From 3bf641f49d2f28453c7f517538d11004e7c4bbaf Mon Sep 17 00:00:00 2001
From: Khalim Conn-Kowlessar <kconnkowlessar@gmail.com>
Date: Wed, 11 Mar 2026 20:52:20 +0000
Subject: [PATCH] created _apply_averages_cleaning

---
 backend/Property.py      |  24 +++----
 backend/engine/engine.py | 131 ---------------------------------------
 etl/epc/Record.py        |  63 +++++++++++++++++++
 3 files changed, 75 insertions(+), 143 deletions(-)

diff --git a/backend/Property.py b/backend/Property.py
index b2be7210..1b73429a 100644
--- a/backend/Property.py
+++ b/backend/Property.py
@@ -487,7 +487,7 @@ class Property:
                     # CO₂ emissions per square metre floor area per year in kg/m². Since CO₂ emissions are in tonnes
                     # per year, we multiply by 1000 to get kg/m²
                     "co2-emiss-curr-per-floor-area": round(
-                        1000 * (rec_impact["carbon"] / self.data["total-floor-area"])

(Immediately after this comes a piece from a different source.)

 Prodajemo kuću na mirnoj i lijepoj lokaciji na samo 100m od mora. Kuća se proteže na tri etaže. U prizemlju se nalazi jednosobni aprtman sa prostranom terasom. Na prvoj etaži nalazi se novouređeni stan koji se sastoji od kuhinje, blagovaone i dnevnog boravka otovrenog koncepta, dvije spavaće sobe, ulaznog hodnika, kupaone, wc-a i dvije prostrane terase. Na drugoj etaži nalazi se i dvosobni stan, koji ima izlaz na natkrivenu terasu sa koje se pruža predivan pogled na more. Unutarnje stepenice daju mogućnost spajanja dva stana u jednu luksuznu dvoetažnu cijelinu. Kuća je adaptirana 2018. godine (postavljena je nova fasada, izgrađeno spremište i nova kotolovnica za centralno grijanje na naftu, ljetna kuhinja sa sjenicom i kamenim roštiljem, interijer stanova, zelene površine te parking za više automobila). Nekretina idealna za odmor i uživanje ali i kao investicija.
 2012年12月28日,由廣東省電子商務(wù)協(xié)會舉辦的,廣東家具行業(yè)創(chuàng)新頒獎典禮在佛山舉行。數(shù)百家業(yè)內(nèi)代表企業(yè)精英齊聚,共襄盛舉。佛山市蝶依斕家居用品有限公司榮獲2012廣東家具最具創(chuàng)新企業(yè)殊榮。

+                        1000 * (rec_impact["carbon"] / self.epc_record.get("total_floor_area"))
                     ),
                     "co2-emissions-current": rec_impact["carbon"],
                     "current-energy-rating": sap_to_epc(rec_impact["sap"]),
@@ -594,21 +594,21 @@ class Property:
         if not cleaned:
             raise ValueError("Cleaner does not contain cleaned data")
 
-        if not self.data:
+        if not self.epc_record:
             raise ValueError("Property does not contain data")
 
         for description, attribute in cleaned.items():
 
             cleaner_cls = all_cleaner_map[description]
 
-            if self.data[description] in self.DATA_ANOMALY_MATCHES:
+            if self.epc_record.get(description) in self.DATA_ANOMALY_MATCHES:
                 if description == "lighting-description":
                     cleaner_cls = cleaner_cls("", averages=None)
                 else:
                     cleaner_cls = cleaner_cls("")

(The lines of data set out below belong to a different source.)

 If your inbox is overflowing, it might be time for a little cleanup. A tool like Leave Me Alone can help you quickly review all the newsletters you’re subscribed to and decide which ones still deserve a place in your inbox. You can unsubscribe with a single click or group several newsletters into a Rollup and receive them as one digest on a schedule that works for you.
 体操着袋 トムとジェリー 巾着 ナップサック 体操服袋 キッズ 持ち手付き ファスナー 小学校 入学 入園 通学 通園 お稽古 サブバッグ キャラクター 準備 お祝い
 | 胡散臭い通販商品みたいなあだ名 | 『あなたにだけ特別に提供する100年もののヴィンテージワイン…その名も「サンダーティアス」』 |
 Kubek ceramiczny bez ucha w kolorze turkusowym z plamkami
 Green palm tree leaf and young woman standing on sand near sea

                 fill_dict = {
-                    "original_description": self.data[description],
-                    "clean_description": self.data[description],
+                    "original_description": self.epc_record.get(description),
+                    "clean_description": self.epc_record.get(description),
                     **cleaner_cls.process()
                 }
                 setattr(self, self.ATTRIBUTE_MAP[description], fill_dict)

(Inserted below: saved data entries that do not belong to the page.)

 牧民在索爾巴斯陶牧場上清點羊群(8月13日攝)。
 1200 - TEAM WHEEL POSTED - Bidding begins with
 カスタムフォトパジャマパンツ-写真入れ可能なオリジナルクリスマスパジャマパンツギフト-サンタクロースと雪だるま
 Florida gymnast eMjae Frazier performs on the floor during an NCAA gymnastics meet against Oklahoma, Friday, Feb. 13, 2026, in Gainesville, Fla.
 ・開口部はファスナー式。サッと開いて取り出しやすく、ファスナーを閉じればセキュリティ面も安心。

@@ -617,7 +617,7 @@ class Property:
             attributes = [
                 x
                 for x in cleaned[description]
-                if x["original_description"] == self.data[description]
+                if x["original_description"] == self.epc_record.get(description)
             ]
 
             if len(attributes) > 1:
@@ -628,11 +628,11 @@ class Property:
             if len(attributes) == 0:
                 # We attempt to perform the clean on the fly
                 if description == "lighting-description":
-                    cleaner_cls = cleaner_cls(self.data[description], averages=None)
+                    cleaner_cls = cleaner_cls(self.epc_record.get(description), averages=None)
                 else:
-                    cleaner_cls = cleaner_cls(self.data[description])
+                    cleaner_cls = cleaner_cls(self.epc_record.get(description))
                 processed = {
-                    "original_description": self.data[description],
+                    "original_description": self.epc_record.get(description),
                     "clean_description": cleaner_cls.description.replace(
                         "(assumed)", ""
                     )
@@ -672,7 +672,7 @@ class Property:
         # Today's costs
         todays_lighting_cost = kwh_client.convert_cost_to_today(
             original_cost=float(self.data["lighting-cost-current"]),
-            lodgement_date=pd.Timestamp(self.epc_record.prepared_epc["lodgement_date"]).tz_localize(None)
+            lodgement_date=pd.Timestamp(self.epc_record.get("lodgement_date")).tz_localize(None)
         )
 
         # If we have the kwh figures, we don't need to predict them
@@ -1299,7 +1299,7 @@ class Property:
         valid for 10 years.
         :return: boolean indicating whether the EPC is expired
         """
-        lodgement_date = self.data["lodgement-date"]
+        lodgement_date = self.epc_record.get("lodgement-date")
         return (datetime.now() - pd.to_datetime(lodgement_date)) > timedelta(days=3650)
 
     @property
@@ -1308,4 +1308,4 @@ class Property:
         This property indicates that the EPC is estimated, based on the presence of the "estimated" flag in the data
         :return: boolean indicating whether the EPC is estimated
         """
-        return self.data.get("estimated", False)
+        return self.epc_record.get("estimated")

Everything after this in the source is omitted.